--- Supplied records ---
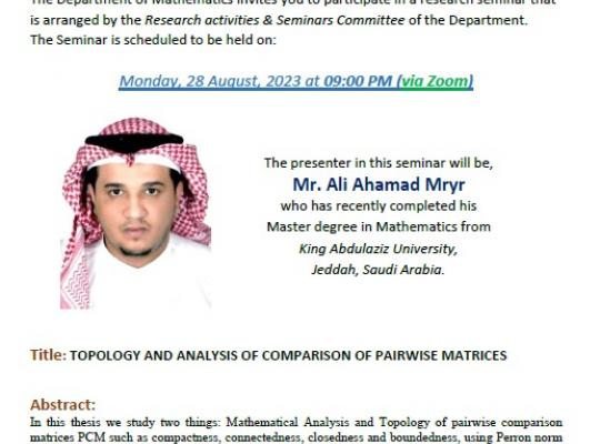 The Department of Mathematics invites you to participate in the upcoming two research seminars. Date: 28 August 2023 (Monday) Time: 08:30 to 09:30 PM (Via Zoom) Presenters: Dr. Rawan Bossly and Mr. Ali Mryr. Zoom link will be shared later. Please
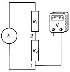 Bien que la présence du voltmètre ait un effet négligeable dans les circuits industriels, elle peut cependant entraîner des erreurs de mesure très appréciables dans les circuits électroniques où les résistances RI et R2, par exemple, auraient des valeurs très élevées.
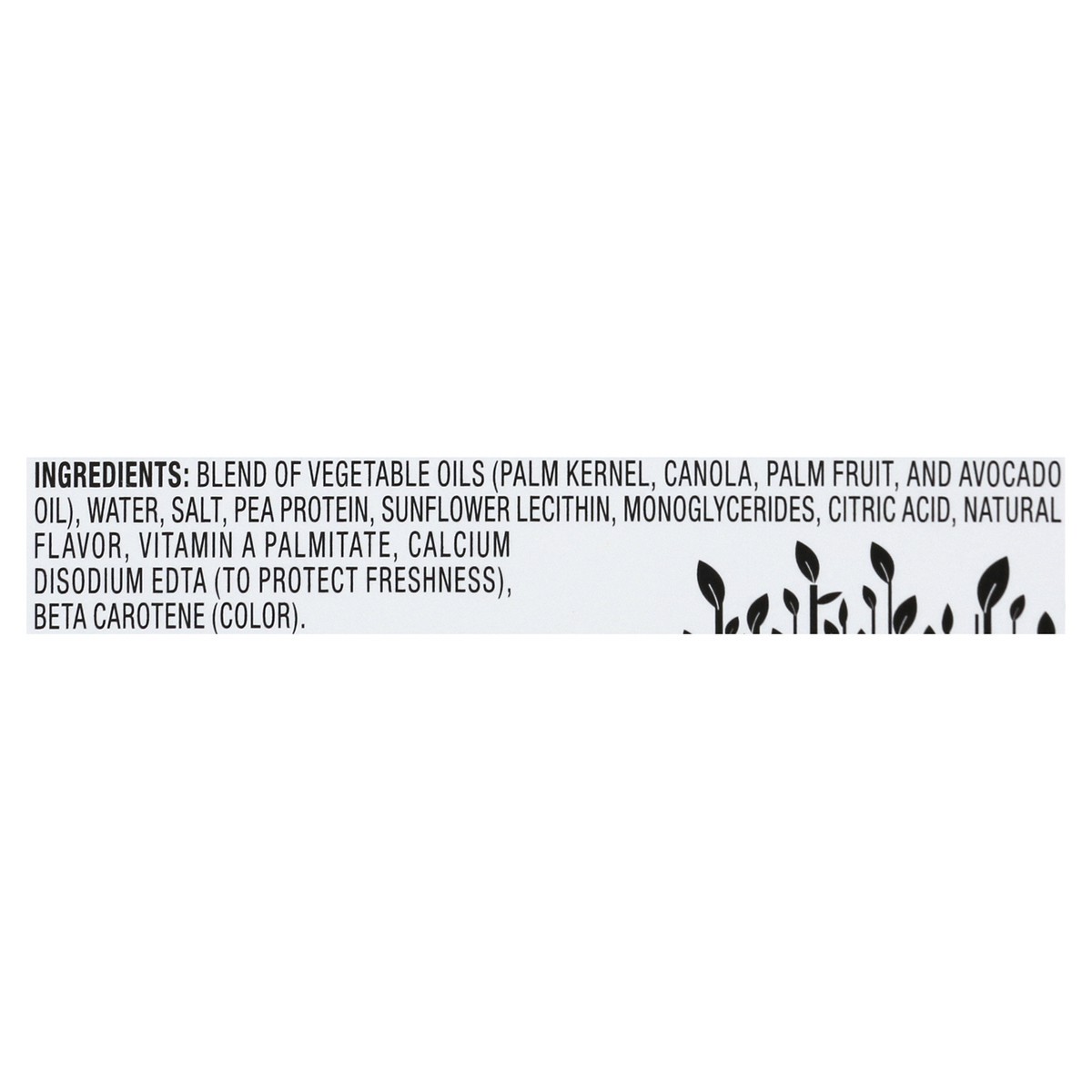Blend of Vegetable Oils (Palm Kernel, Canola, Palm Fruit, and Avocado Oil), Water, Salt, Pea Protein, Sunflower Lecithin, Monoglycerides, Citric Acid. Natural Flavor, Vitamin A Palmitate, Calcium Diso…
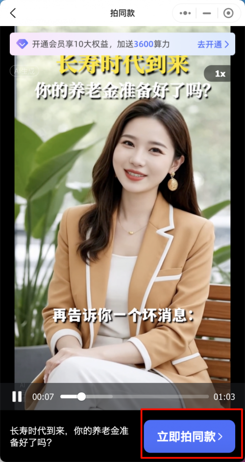 保险人无需写脚本、也可以不用出镜拍、不用手动剪辑,只需挑选心仪的模板,点击右下角“立即拍同款”,再选择你要用的AI数字分身和声音,就可快速生成一条,贴合你专属形象和声音的完整视频作品,下载后,可直接发布到视频号、小红书、抖音等自媒体平台,真正实现“一键创作,秒出爆款”。
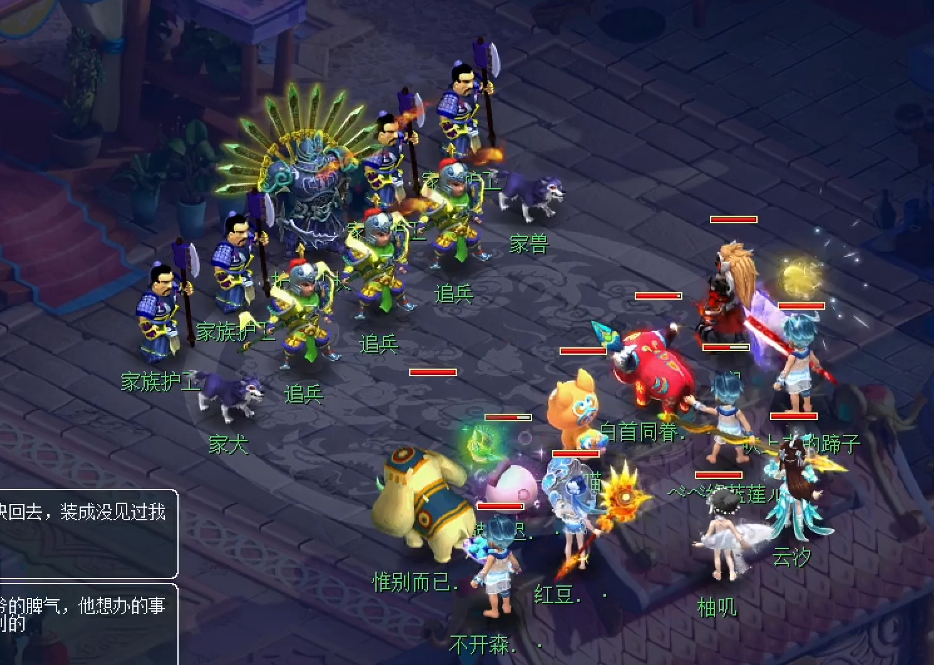 护卫队长,是五庄观。家族护卫,是法系。前排的追兵和家犬、家兽,都是物理系。不仅会门派技能,还会特技破血狂攻!建议:封印家犬、家兽,杀追兵。有特技罗汉金钟的玩家,一定要尽快使用。本场战斗有一定难度,不仅要注意血线,还要注意配合。
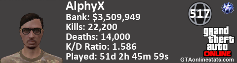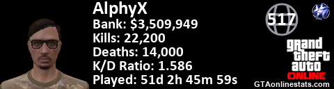 <a href="http://GTAonlinestats.com/showplayer/AlphyX"><img src="http://GTAonlinestats.com/randomsignature/AlphyX/sig.png" alt="AlphyX" border="0" /></a>

--- Problem statement ---
Nothing but the lines from the one containing "Blend of Vegetable" through the end of the entries is to be retyped, exactly as written and without pictures.

--- Result of the exercise ---
Blend of Vegetable Oils (Palm Kernel, Canola, Palm Fruit, and Avocado Oil), Water, Salt, Pea Protein, Sunflower Lecithin, Monoglycerides, Citric Acid. Natural Flavor, Vitamin A Palmitate, Calcium Diso…
 保险人无需写脚本、也可以不用出镜拍、不用手动剪辑,只需挑选心仪的模板,点击右下角“立即拍同款”,再选择你要用的AI数字分身和声音,就可快速生成一条,贴合你专属形象和声音的完整视频作品,下载后,可直接发布到视频号、小红书、抖音等自媒体平台,真正实现“一键创作,秒出爆款”。
 护卫队长,是五庄观。家族护卫,是法系。前排的追兵和家犬、家兽,都是物理系。不仅会门派技能,还会特技破血狂攻!建议:封印家犬、家兽,杀追兵。有特技罗汉金钟的玩家,一定要尽快使用。本场战斗有一定难度,不仅要注意血线,还要注意配合。
 <a href="http://GTAonlinestats.com/showplayer/AlphyX"><img src="http://GTAonlinestats.com/randomsignature/AlphyX/sig.png" alt="AlphyX" border="0" /></a>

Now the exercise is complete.